Living with the family.

 

 

I am having a problem, that in my wildest dreams I would never have thought possible.

We have a cleaning lady—my mum was a cleaning lady—now this may be the ‘norm’ for a family like ours, living in the leafy roads of Wood Green—I kid you not— with both parents working, this was something Ann and I never had or thought we needed.

It’s OK for them, I am left to deal with ‘Lesley’. I think that is her name as I never quite catch it when she speaks—I think she comes from Lithuania or some such place and speaks no English.

‘Lesley’ arrives on Wednesday mornings, which means I have to wake up early to clean the house before she is at the door.

Now you may find this odd behaviour but it is a matter of self-preservation, I am actually afraid of our little lady from Lithuania or where-ever, it’s not so much ‘Lesley’, you understand, it’s when she is armed with the ‘Henry’— such a friendly name for a vacuum cleaner— but in the hands of our little helper, it’s a weapon to be fearful of, she is a whirlwind, I try to anticipate which room she will enter next, I hear her go from one to another, with the sound of bits of ‘Lego’ flying up the hose, with me trying to keep one step ahead, fearful of meeting her on the stairs, heaven forbid.

 

I have developed a strategy to befriend her, to get her on my side, if you know what I mean, as soon as she arrives, I say “coffee” She says “Ah, yes pliss, coffee”

Then I go to Alex’s, our local shop to buy two chocolate bars and a nice cake.

She says, ”Tankyou very” I think this the only English she knows.

 

Now this is not the problem I am talking about.

‘Lesley’ came last Wednesday, dressed in very tight, flowered trousers, nothing wrong with that of course, she a lovely young lady.

The trouble is the pattern of the trousers, I am not averse to glancing at a lady with tight trousers, but it was where the pattern was situated that caught my eye.
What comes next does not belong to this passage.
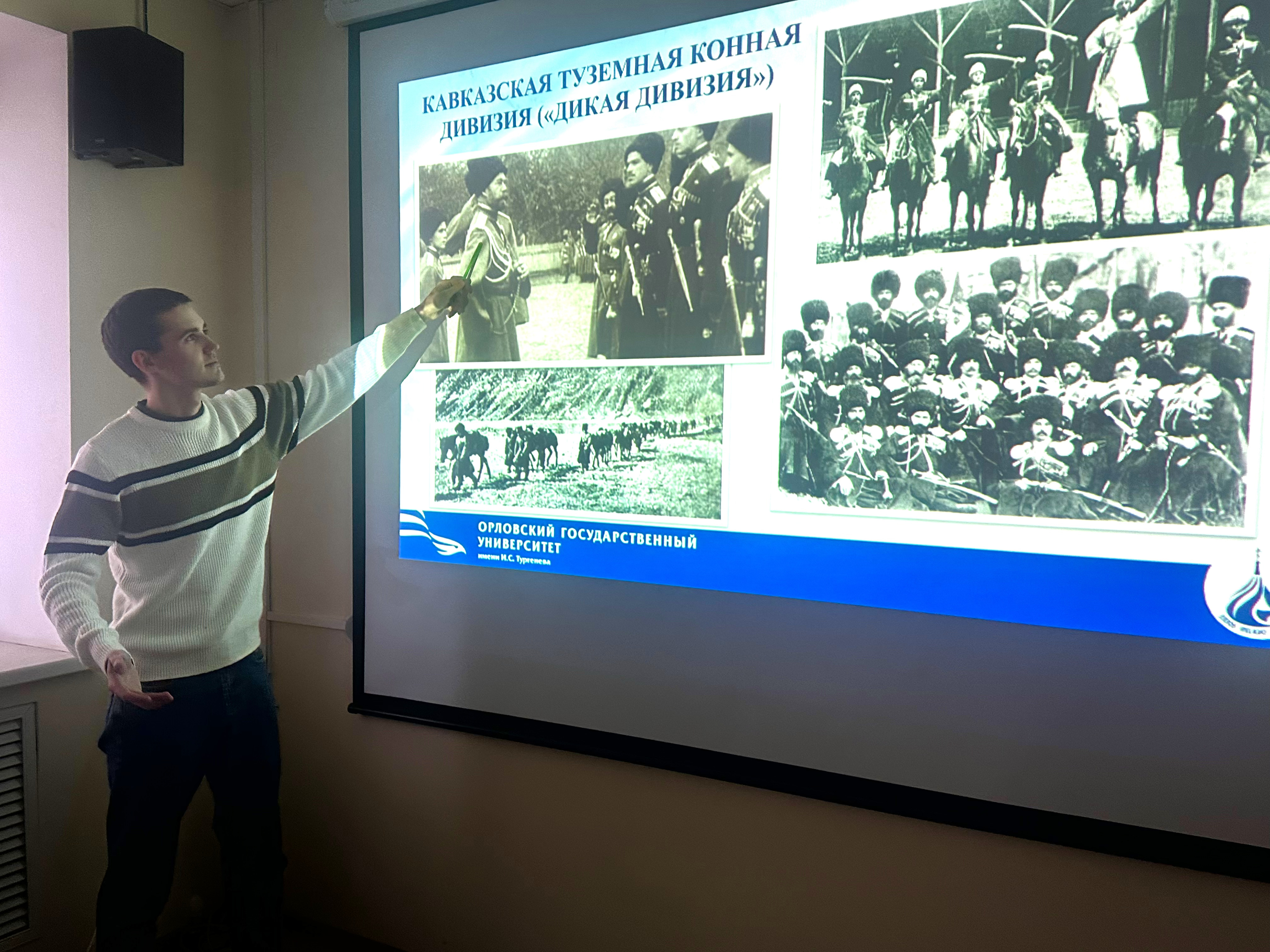 Аргументируя данную точку зрения, студент бакалавриата Левичев И. обратился к тем историческим деятелям и полководцам, чья православная вера стала хрестоматийным примером служения земному и Небесному Отечеству: св. благоверным князьям Александру Невскому и Дмитрию Донскому, полководцам Александру Суворову и св. Федору Ушакову, государю-императору, страстотерпцу Николаю II Романову, действительному статскому советнику, депутату Государственной думы Российской империи IV созыва, сщмч. Василию Шеину, св. юристам Юрию Новицкому и Иоанну Ковшарову и др. К подвигам мусульман-военачальников обратилась студентка бакалавриата Сухоносова А., рассказав о доблестном служении России генералов М. Алиханова-Аварского, Г. Хан-Нахичеванского, А.А. Шихлинского, С. Мехмандарова и др. Как показал Власов А., магистрант II курса обучения, мусульмане России отстаивали интересы нашей страны в разные исторические эпохи (от Ливонской войны до наших дней), считая для себя почетной смерть «воина, отдавшего жизнь в войне за Государя» («Социальная доктрина российских мусульман»). Защита Отечества как духовно-нравственный долг мусульманина была проиллюстрирована видеоматериалом об участии в Первой мировой войне Кавказской туземной конной дивизии («Дикой дивизии»), о которой подробнее рассказал студент бакалавриата Игнатов П. Не забыли отметить и примеры современных нам политических деятелей, православных и мусульман, для которых служение Отечеству и людям органично сочетается с их религиозным мировоззрением.

At first glance or in my case several glances, the patterns made it look as if she was wearing her pants over her trousers.

 

The problem I have, is how do I tell ‘Lesley’, who speaks no English, and comes from Lithuania—probably a very strict Catholic country— that she may not realise, that the pattern on her trousers makes it look as if she is wearing her knickers on the wrong side of her trousers.

 

But, then again, what do I know about anything, this might be the ‘norm’ in London.